Pass defeats Bishop Brigante

Recap: After calling him out in a previous battle, Pass uses a fleet of blistering personals, fiery name flips and piercing punchlines to beat back a topsy-turvy Bishop Brigante in this 3-rounder from KOTD.

Verdict: Pass (W) 2-1

Favorite line: Pass – “This a roast, don’t nobody in here wanna see you rap, they just glad they ain’t gotta see you host!”

Squeako defeats Scotty

Recap: Squeako and Scotty put on a dope 1-rounder for the 7 Shark Cities battle rap fans with plenty of boastful shiners, spicy punchlines, rigid name flips and witty personals mixed in. Consistently nice on both sides, it’s the slightly more versatile and haymaker-lit Squeako who gets the edge here.

Verdict: Squeako (W) 1-0

Favorite line: Squeako – “When your mom’s used to say look both ways before you cross…well I’m the streets she was talking about!”

Real Deal defeats Q.P.

Recap: A comfortable split of the first two rounds immediately gets fraught when (“His bitch gave me head under the table, what’s that?, off the books!”) Q.P. admits to forgetting his 3rd round and resorts to an imperfect freestyle spree that fortunately, he’s talented enough to pull off without a premature stoppage.
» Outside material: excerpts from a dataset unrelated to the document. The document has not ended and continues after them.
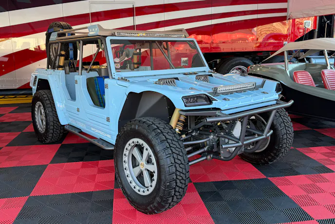 That philosophy resonated far beyond the shop’s walls. Lunatic Fringe first turned heads at the Grand National Roadster Show while still unfinished, hinting at the madness to come. Its full debut at the 2025 SEMA Show validated the hype, earning a spot in the SEMA Battle of the Builders Top 4. In a sea of high-dollar builds and high-horsepower showcases, the pastel Porsche-Thing mashup stood out — not because it tried to be the loudest or most extreme, but because it was executed with a level of vision and craftsmanship that felt genuinely original.
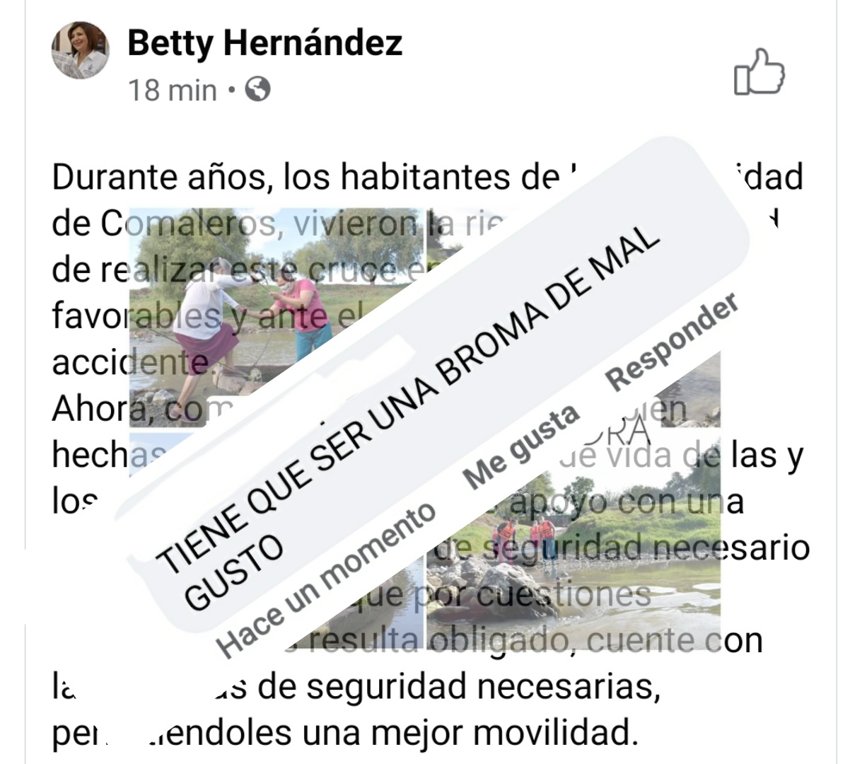 Lo que llamó a las críticas de los usuarios de redes sociales, fue el hecho de que la alcaldesa, asegurara que con esta nueva lancha, se extinguía el riesgo a los habitantes al momento de cruzar, situación que para nada es así, ya que no existe alguna garantía de protección o seguridad, pues el nivel y fuerza del agua siguen siendo los mismos.
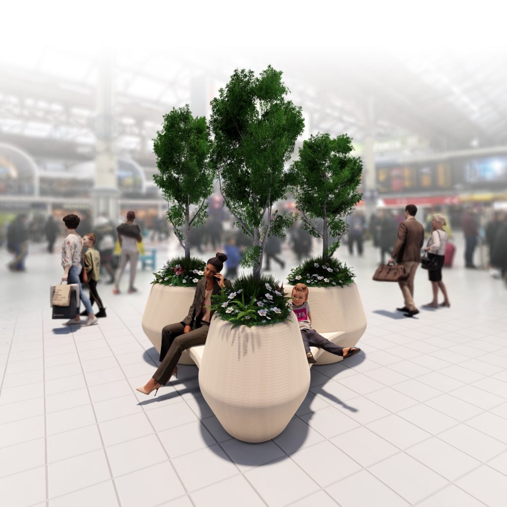 Nick Tyrer and Victoria Philpott have brought together seating and striking planting through a design that offers a spatial experience while remaining functional and comfortable. Lacuna offers a sense of security and personal space on a large station concourse, while also creating a much larger visual impact upon the identity of the station.
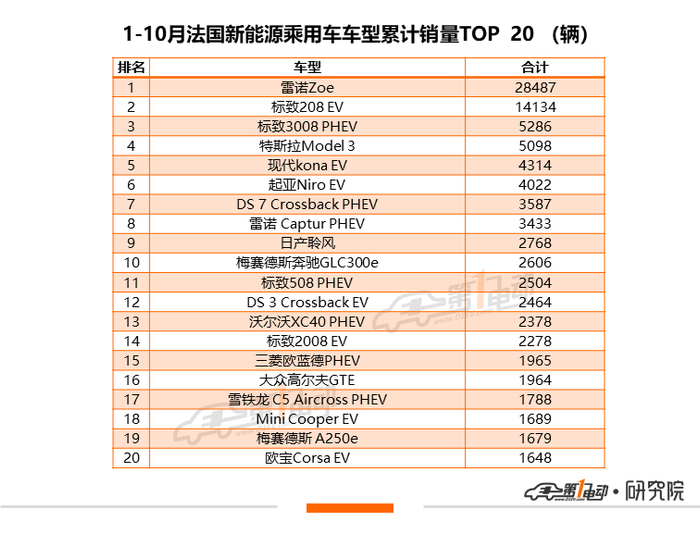 原标题:全球新能源10月榜单:Model 3退出欧洲市场TOP20 来源:第一电动汽车网
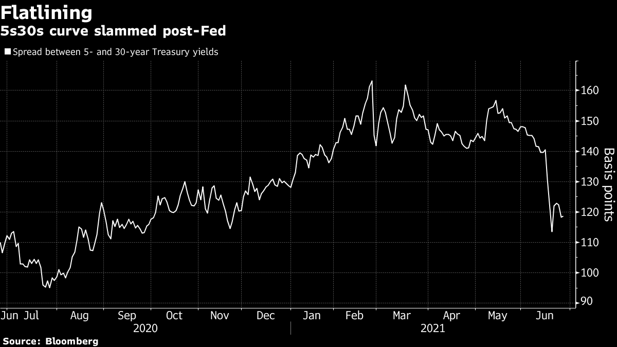 道明证券的Priya Misra和Gennadiy Goldberg建议押注5到30年期收益率曲线将从当前重新走高,他们认为上周的急剧变平“看起来极端,并且可能是由持仓清算驱动的。” 他们在121个基点处启动了这笔交易,目标是150个基点。

Nonetheless, abled vet that he is, for Real Deal a well-written barrage of fierce personals and lofty (“If my whole circle clap like the cuddle break, you gonna make me raise this bitch in the air like I couple skate!”) quips had a pretty good chance at beating Q,P.’s forgotten round anyway.

Verdict: Real Deal (W) 2-1

Favorite line: Real Deal -“You and your baby mom’s put out a sex tape thinking that would do numbers, it was the first time in the history of porn the role of the plumber was played by an actual plumber!”

Younga Baby defeats Franchise

Recap: Younga Baby keeps up with opponent Franchise’s love for destruction and mayhem via stifling gun bars enough to split the first two rounds, before a surprising choke by Franchise in the deciding 3rd round leaves plenty of room for Mr. Baby’s continued flexing, much less a win that was capped off by a fire mid-round rebuttal.

Verdict: Younga Baby (W) 2-1

Favorite line: Younga Baby – “Come get me nigga, I see why you giving me the side-eye…’cuz you a fishy nigga!”